Assignment: The whole listing below is to be copied exactly, with every picture left out.

Data excerpt:
.....

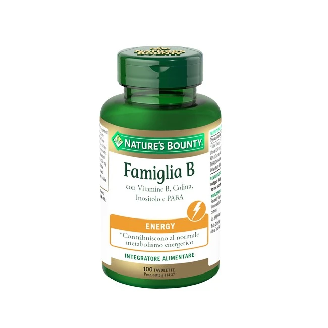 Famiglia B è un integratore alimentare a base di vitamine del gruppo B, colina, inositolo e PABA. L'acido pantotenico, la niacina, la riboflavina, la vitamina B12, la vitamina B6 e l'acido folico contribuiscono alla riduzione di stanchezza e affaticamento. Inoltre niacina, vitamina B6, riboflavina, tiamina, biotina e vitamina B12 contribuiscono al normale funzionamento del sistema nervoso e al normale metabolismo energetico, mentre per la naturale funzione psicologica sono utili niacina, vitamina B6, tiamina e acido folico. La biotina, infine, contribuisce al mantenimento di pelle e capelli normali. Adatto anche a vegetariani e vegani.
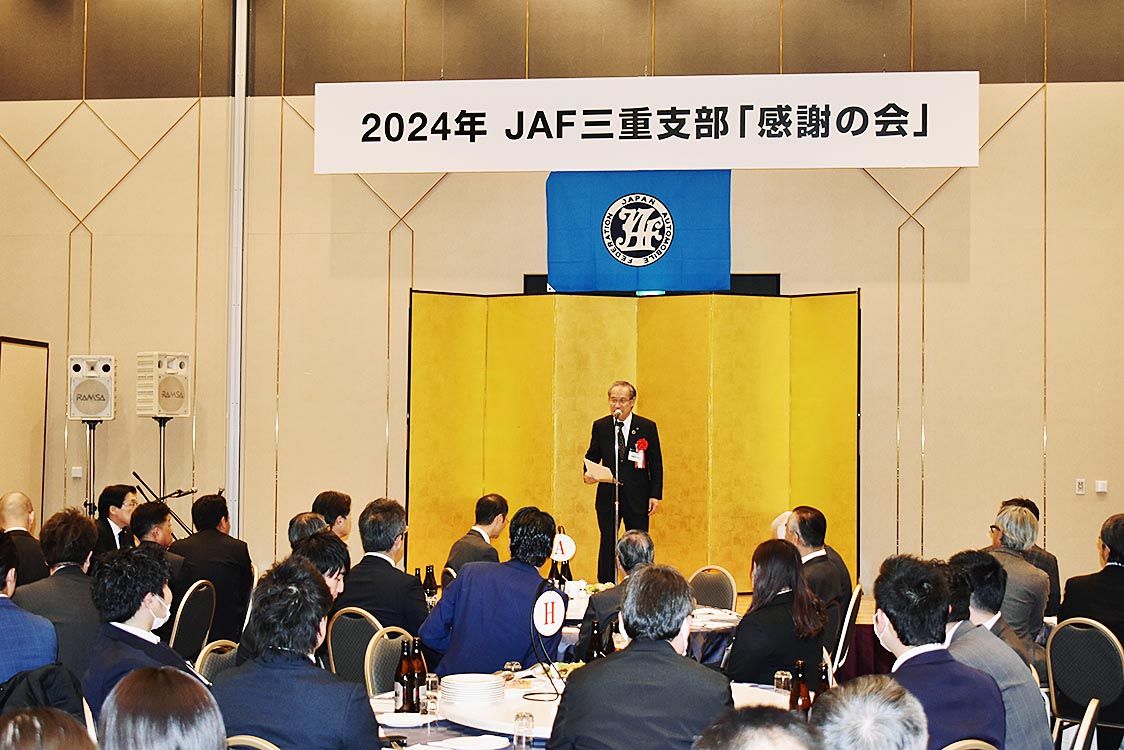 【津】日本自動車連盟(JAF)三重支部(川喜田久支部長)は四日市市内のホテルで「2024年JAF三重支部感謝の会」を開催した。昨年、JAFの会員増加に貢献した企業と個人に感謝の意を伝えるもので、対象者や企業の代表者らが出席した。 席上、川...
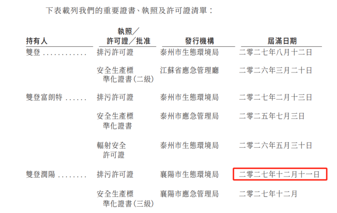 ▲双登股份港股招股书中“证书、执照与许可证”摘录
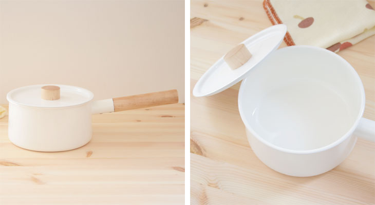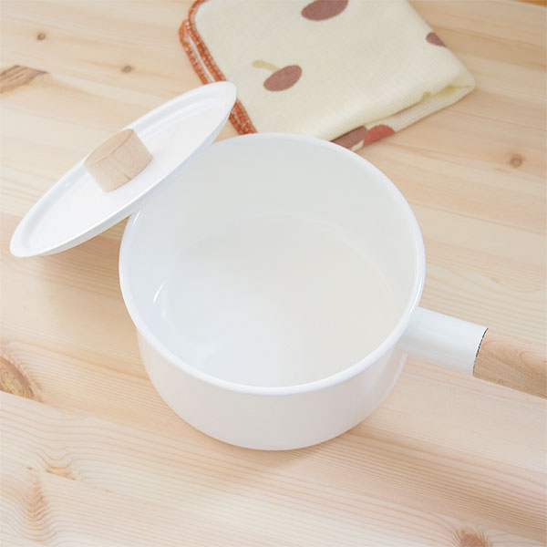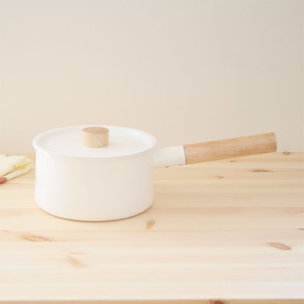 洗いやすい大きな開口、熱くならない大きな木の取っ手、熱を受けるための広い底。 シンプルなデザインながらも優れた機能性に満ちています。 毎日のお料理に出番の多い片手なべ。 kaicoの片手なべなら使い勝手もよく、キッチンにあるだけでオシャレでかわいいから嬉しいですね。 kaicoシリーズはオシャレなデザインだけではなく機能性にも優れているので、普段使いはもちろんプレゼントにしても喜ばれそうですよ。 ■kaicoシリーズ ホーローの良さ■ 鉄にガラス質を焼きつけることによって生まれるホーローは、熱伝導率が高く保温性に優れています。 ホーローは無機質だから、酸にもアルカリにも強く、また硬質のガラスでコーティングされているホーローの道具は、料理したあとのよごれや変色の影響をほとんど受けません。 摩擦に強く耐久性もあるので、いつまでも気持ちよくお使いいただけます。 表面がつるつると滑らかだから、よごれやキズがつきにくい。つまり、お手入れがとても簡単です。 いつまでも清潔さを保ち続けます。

.....

The answer:
 Famiglia B è un integratore alimentare a base di vitamine del gruppo B, colina, inositolo e PABA. L'acido pantotenico, la niacina, la riboflavina, la vitamina B12, la vitamina B6 e l'acido folico contribuiscono alla riduzione di stanchezza e affaticamento. Inoltre niacina, vitamina B6, riboflavina, tiamina, biotina e vitamina B12 contribuiscono al normale funzionamento del sistema nervoso e al normale metabolismo energetico, mentre per la naturale funzione psicologica sono utili niacina, vitamina B6, tiamina e acido folico. La biotina, infine, contribuisce al mantenimento di pelle e capelli normali. Adatto anche a vegetariani e vegani.
 【津】日本自動車連盟(JAF)三重支部(川喜田久支部長)は四日市市内のホテルで「2024年JAF三重支部感謝の会」を開催した。昨年、JAFの会員増加に貢献した企業と個人に感謝の意を伝えるもので、対象者や企業の代表者らが出席した。 席上、川...
 ▲双登股份港股招股书中“证书、执照与许可证”摘录
 洗いやすい大きな開口、熱くならない大きな木の取っ手、熱を受けるための広い底。 シンプルなデザインながらも優れた機能性に満ちています。 毎日のお料理に出番の多い片手なべ。 kaicoの片手なべなら使い勝手もよく、キッチンにあるだけでオシャレでかわいいから嬉しいですね。 kaicoシリーズはオシャレなデザインだけではなく機能性にも優れているので、普段使いはもちろんプレゼントにしても喜ばれそうですよ。 ■kaicoシリーズ ホーローの良さ■ 鉄にガラス質を焼きつけることによって生まれるホーローは、熱伝導率が高く保温性に優れています。 ホーローは無機質だから、酸にもアルカリにも強く、また硬質のガラスでコーティングされているホーローの道具は、料理したあとのよごれや変色の影響をほとんど受けません。 摩擦に強く耐久性もあるので、いつまでも気持ちよくお使いいただけます。 表面がつるつると滑らかだから、よごれやキズがつきにくい。つまり、お手入れがとても簡単です。 いつまでも清潔さを保ち続けます。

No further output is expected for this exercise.